Maybe some tools are passing NCATSTranslator/Feedback#68 b/c it is blank??

maximusunc commented 6 months ago

@jaredroach The difference between Asset NCATSTranslator/Feedback#68 and NCATSTranslator/Feedback#69 are that the former is NeverShow and the latter is Acceptable. Both are listed because they could be perceived as "correct" by multiple different user personas. An argument could be made that the NeverShow test should never happen, but that is more a question for TAQA.

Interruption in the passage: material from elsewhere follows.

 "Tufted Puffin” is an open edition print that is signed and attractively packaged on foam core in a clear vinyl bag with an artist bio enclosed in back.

The Information Radiator is not without its bugs, and that is what is happening with the "No logs". Unless something catastrophic has happened with the tests, there should always be some logs, but you just have to refresh the page if it ends up showing you that message.

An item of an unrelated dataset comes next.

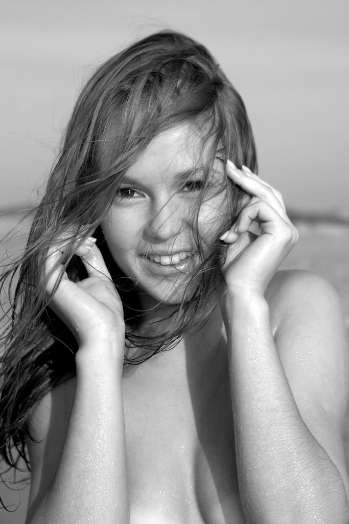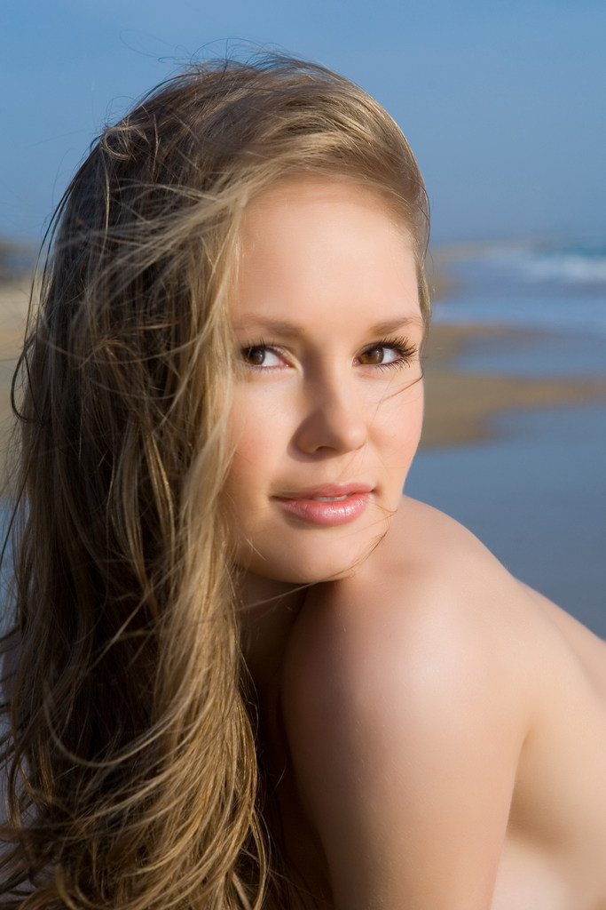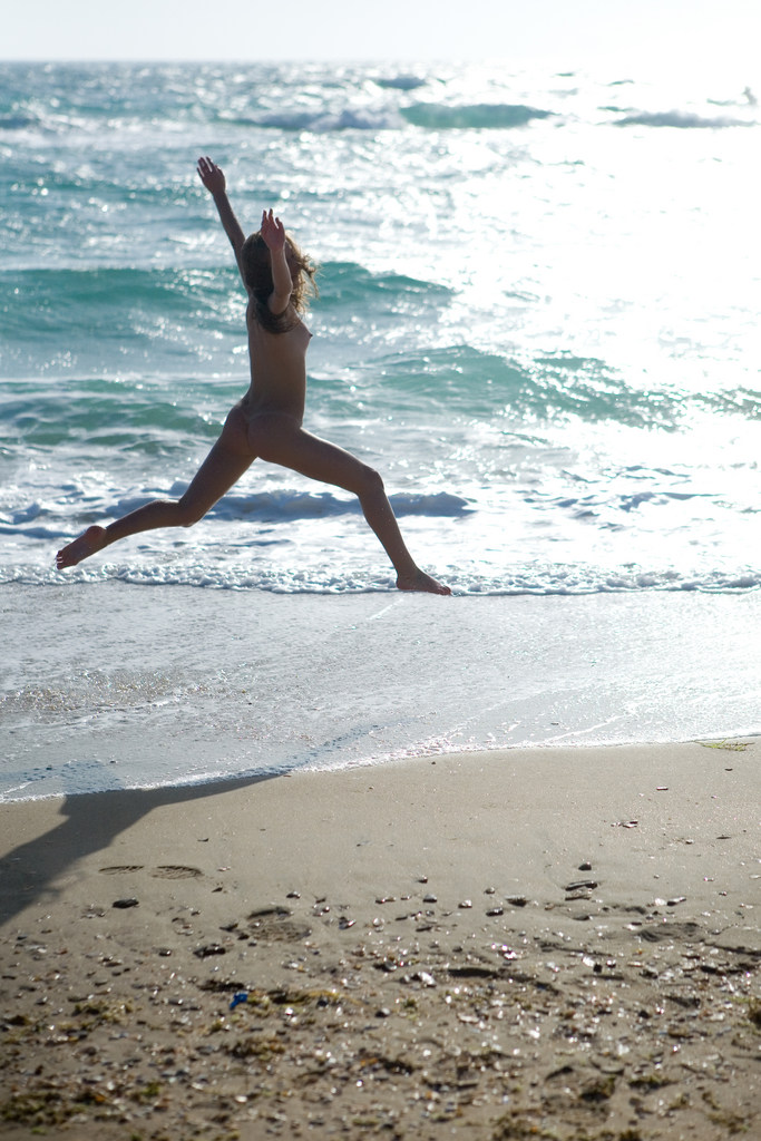 Caesaria A takes her bikini off outdoors on the beach and shows her little jugs.

jaredroach commented 6 months ago

@maximusunc If I understand it correctly, then a Tool will fail an "Acceptable" test if it does not report the result in the top 50%. That means that Tools that do not report "soot" as a top-50% treatment for OSA are going to get dinged. Which is definitely not the intent of these Tests. We should delete Asset NCATSTranslator/Feedback#69.

1_TopAnswer: The expected output is in the top 10% of results 2_Acceptable: The expected output is in the top 50% of results 3_BadButForgivable: The expected output is either not present or in the bottom 50% of results 4_NeverShow: The expected output is not in the results

sandrine-muller-research commented 5 months ago

Hi @jaredroach The reason I put soot treats sleep apnea as a mechanistics acceptable answer is that, it is likely one of the cause so by doing operations between differtent results (including the cause) I am likely to get better results at the graph that I would be looking for

jaredroach commented 5 months ago

@sandrine-muller-research OK. But you are not disagreeing with me that Asset NCATSTranslator/Feedback#69 should be deleted, are you? We don't want to penalize tools that don't report soot.

sandrine-muller commented 5 months ago

When this sheet has been done the rule "2_Acceptable: The expected output is in the top 50% of results" was not defined like that and we had another definition of acceptable if my memory serves me well, which was dependent on the persona. I will remove those lines and build another suite from it that will be focused of user preference and will have possible inconsistent results depending on personas. The tests will be different than a pass/fail test.